The shock is still in us, as my husband feels ok, was eating well untill Thursdays shock no symptoms not even a cough.

The mood at home as changed dramatically....we were starting to live a life again & bang no forwarning, no seperate appointment, just a normal pre treatment day bloods taken weight etc see onco & home. We stupidly thought as all the pre bloods etc had been down all was ok, how blooming wrong were we! Those words " your scans show disease progression" we thought thats it, its spread more, instead of saying sorry the tumours have grown. Lumg 5cm to 7cm in 9 months, though keytruda wasnt started till April & bone spine is 4cm & I asked how much growth & onco didnt know, as nothing to compare to.

I was told no when I mentioned pseudoprogression, no reason, just no its not that.

I would have expected my husband to be feeling ill showing signs of illness, but no, apart from knee pain which is OA  wear & tear.

The mood at home as flatlined, neith of us want to eat go out or do anything, as dreading this chemo & whats going to happen...am I going to be a full time nurse is he going to be bedbound sleeping or throwing up & not having any life!

Is it worth it, is it worth mentally destroying our lives with worry over tteatment & side affects? 

He was eating everything in site up until Thursday & since then not had interest in food nor me.

We are both down, deflated & lost hope.....which is how we felt when this hell nightmare started 9 mths ago!
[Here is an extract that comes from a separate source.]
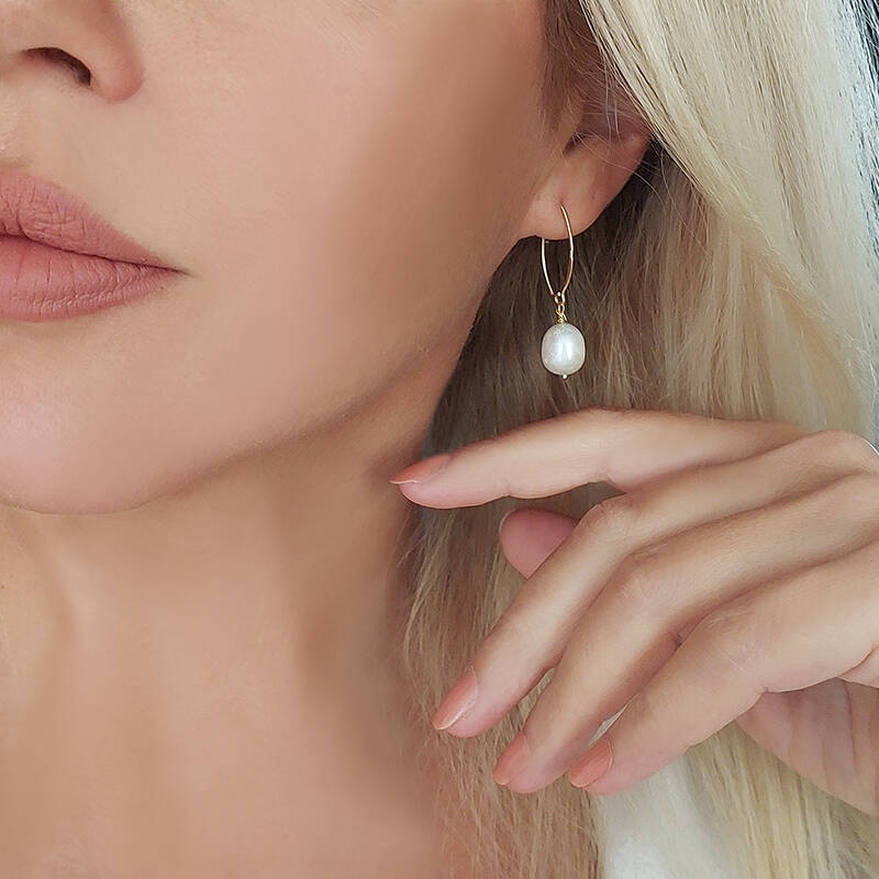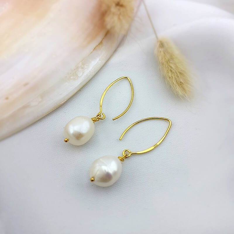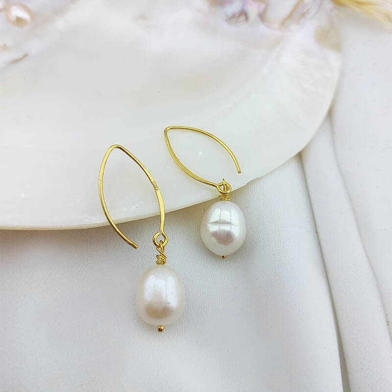 Vaoov 925 Ayar Gümüş Doğal Gerçek İnci Küpe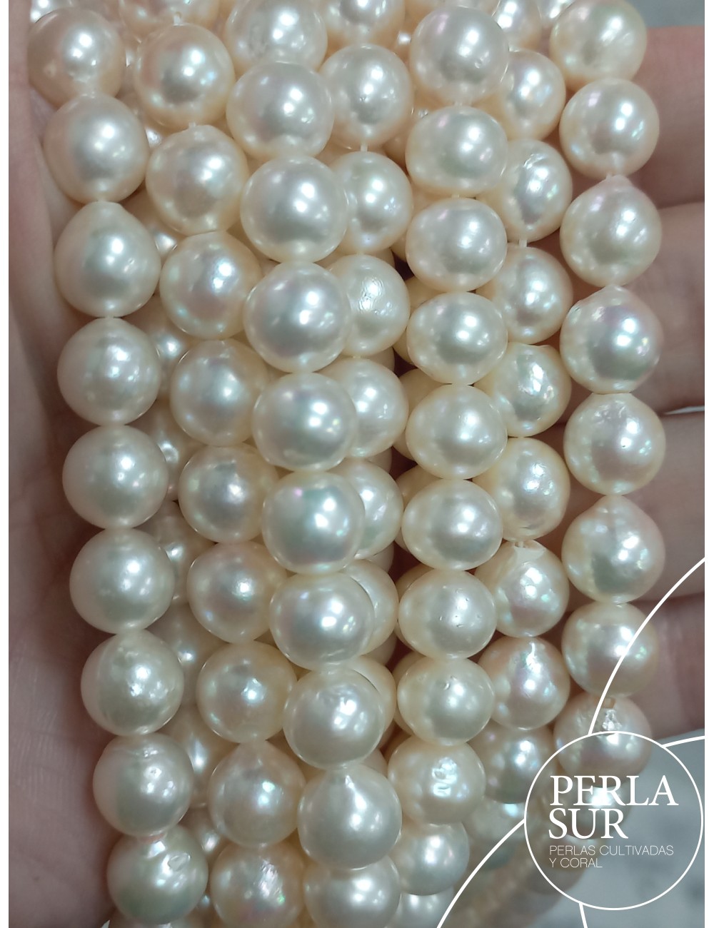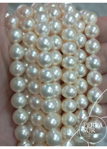 Hilo perla cultivada AKOYA 8'5-9mm semibarroca tono blanco crema, con mucho cultivo y brillo.

And no closer now to getting a suitable treatment plan than we were then.

Onco spoke so fast I couldnt take in what she was saying & kept asking her to repeat & husband just sat tearful & numb. 

Something about 4 cycles x 3 weeks & then maintenance. No idea what she meant & gave up trying to find out on a/c all I wanted to do was cry! 

I just feel this is the end & I cant shake that feeling off....I've read about people surviving stage 4 lung cancer, tumour shrinking, remission etc & he cant even get passed 4 keytrudas before its stopped.

So no idea how we'll cope with premex/carbo chemo & dreading the next scans. 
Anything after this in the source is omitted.